Brown: A walkable festival was a big piece of the feedback during the early days. The first-year venues were scattered from downtown Decatur all the way to downtown Atlanta. Now, the Fringe is more concentrated and walkable — venues are in Little Five Points and the adjacent neighborhoods.

To make the festival accessible to everyone, tickets are $10 per show or even less if you buy a pass. Eight-five percent of ticket sales go to the artists. We also require festival goers to buy our $3 Fringe button. The proceeds from the buttons go into operational costs.

Morgan: This year, we have a lot of diversity as well as repeat artists doing their third or fourth show at the Atlanta Fringe. There are some interesting shows we’re looking forward to — stories of adversity, people addressing LGBTQ issues, some bawdy stuff, some kid-friendly stuff — a nice variety.

ArtsATLLooking forward, what’s next for Atlanta Fringe?

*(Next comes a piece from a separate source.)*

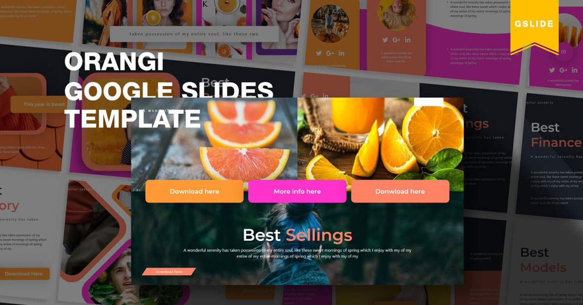 Это **Оранжи | Шаблон Google Slides** – получите его прямо сейчас! Отличный шаблон Google Slides для всех деловых и личных нужд.

Alonzo: We all have the mindset of endless possibilities — we keep our eyes on the horizon. We’d love to have kids’ Fringe and musicians and people filling the streets, but we’re not there yet. I appreciate the level of enthusiasm this group brings to the table — it’s pretty rare and pretty special.

Brown: It’s important to be adventurous as an audience member. Every year, there’s this feeling of the Fringe spirit. The Atlanta artists who met the touring Fringe artists made strong connections with them. The artists who participate got an opportunity to grow. There is a whole circuit for this kind of work.